Abstract
The recent discovery of superconductivity under high pressure in the two-leg ladder compound BaFe2S3
[H. Takahashi et al., Nat. Mater. 14, 1008 (2015)] opens a broad avenue of research, because it represents the
first report of pairing tendencies in a quasi-one-dimensional iron-based high-critical-temperature superconductor.

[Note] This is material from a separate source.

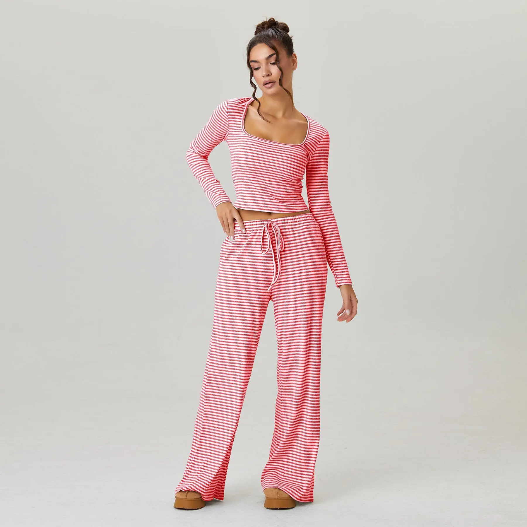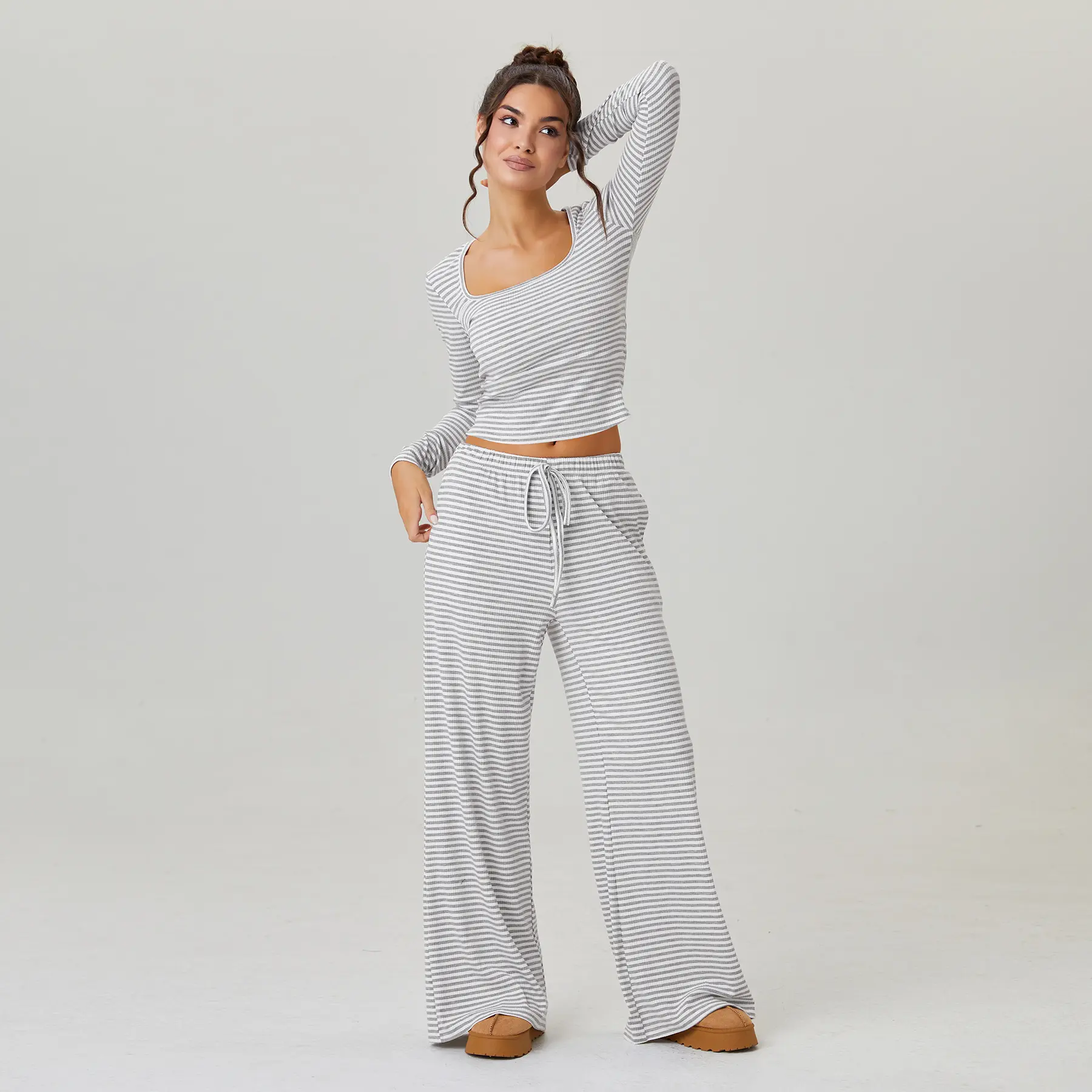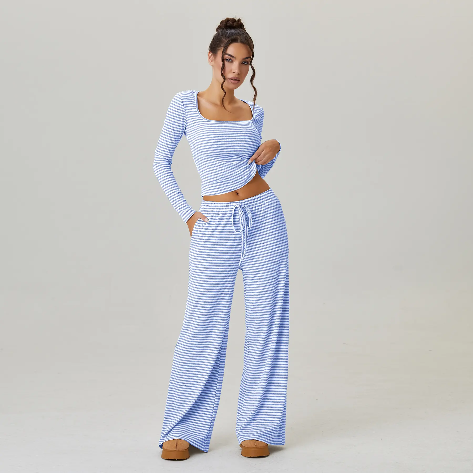 ·Details: Square neck, Long sleeves, Cropped length, Low-rise, Drawstring waist, Soft and stretch fabric
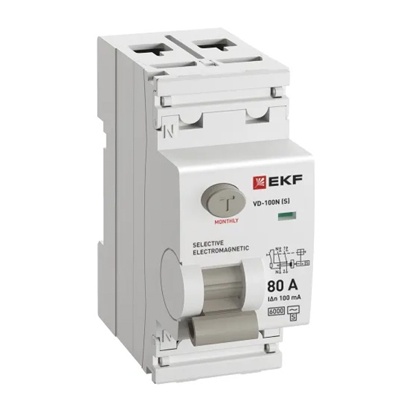 УЗО EKF PROxima ВД-100N (S) 2П 80А 100мА тип AC селективное 6кА (электромеханическое) (ВДТ) E1026MS80100

Similarly, as in the case of the cuprates, ladders and chains can be far more accurately studied using many-body
techniques and model Hamiltonians than their layered counterparts, particularly if several orbitals are active. In
this publication, we derive a two-orbital Hubbard model from first principles that describes individual ladders
of BaFe2S3. The model is studied with the density matrix renormalization group. These first reported results are
exciting for two reasons: (i) at half-filling, ferromagnetic order emerges as the dominant magnetic pattern along the
rungs of the ladder, and antiferromagnetic order along the legs, in excellent agreement with neutron experiments;
and (ii) with hole doping, pairs form in the strong coupling regime, as found by studying the binding energy of
two holes doped on the half-filled system. In addition, orbital selective Mott phase characteristics develop with
doping, with only oneWannier orbital receiving the hole carriers while the other remains half-filled. These results
suggest that the analysis of models for iron-based two-leg ladders could clarify the origin of pairing tendencies
and other exotic properties of iron-based high-critical-temperature superconductors in general.